# Old guy learning to snowboard w/his kids



## slyder (Jan 18, 2010)

My name is Scott, I'm in my 40's and I have started to snowboard this year as my kids are just starting. I'm a hands on dad, not the type to drop the kids off at the hill to fend/learn for themselves. 










We have been out a few times this year and more to come. We are getting a season pass as the hill is 1/2 hour from our house so we can get some good fun together

I purchased some Skeletools impact shorts :thumbsup: as my 1st attempt was filled with ArSe pain










and did my 1st tune up, edges and hot wax as the board I am borrowing, Lib Tech, was in uncared for shape. At least till I get this:










Looking forward to the time with my kids and learning from you young/older experienced boarders
=Scott

aka 
Slyder


----------



## Milo303 (Apr 6, 2009)

What makes you want to get a banana?


----------



## slyder (Jan 18, 2010)

From what I have been reading it was easier to ride in icy conditions. Most of the hills here are man made and ice up fast.
The Magna Traction seems to be new promising technology to help new riders. I am currently borrowing a Lib Tech and I really like the ride. Nothing to judge it against obviously, but my times out I have been getting better and better on the hills. I can ride switch, heel-side turn while switch but toe-side switch turns still needs some work 

Again this is all from just reading, no real world experience, that is why I posed the question from those that know more/better than I. Plus I wanted a board I can grow into. Price is a factor but it seems a mid-level board is in this range, plus I have a buddy that can get me 20% off at the local shop.

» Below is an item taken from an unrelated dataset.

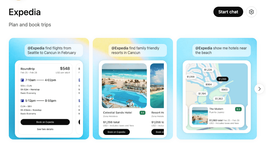 OpenAI ahora permite que desarrolladores externos creen y publiquen sus propias aplicaciones dentro de ChatGPT (el mismo espacio de chat al que Booking.com y Expedia se unieron como primeros socios) para cualquier marca de viajes que apruebe la revisión.

Even though I'm older I'm very athletic and active in sports. Now that my family is into this sport for winter I can honestly say 2x a week would be regular if not sometimes 3x a week. The hill is close to our house in SE Wisconsin.

Thanks for any/all advice
-Slyder


----------



## m60g (Feb 27, 2009)

Why not a Lib Tech Travis Rice, or TRS


Travis Rice C2 Power Banana Lib Tech Snowboards

TRS: Total Ripper Series Lib Tech Snowboards


----------



## wrathfuldeity (Oct 5, 2007)

m60g said:


> Why not a Lib Tech Travis Rice, or TRS
> 
> 
> Travis Rice C2 Power Banana Lib Tech Snowboards
> ...


i'd think a tr or trs would be a bit overkill in SE Wisconsin

btw slyder, its a lot of fun and a great to do with the kids...a link to a recent thread

http://www.snowboardingforum.com/snowboarding-general-chat/22524-can-i-afford-snowboard.html


----------



## slyder (Jan 18, 2010)

sounds SOOO much like me, it threw up a reply.

-Slyder


----------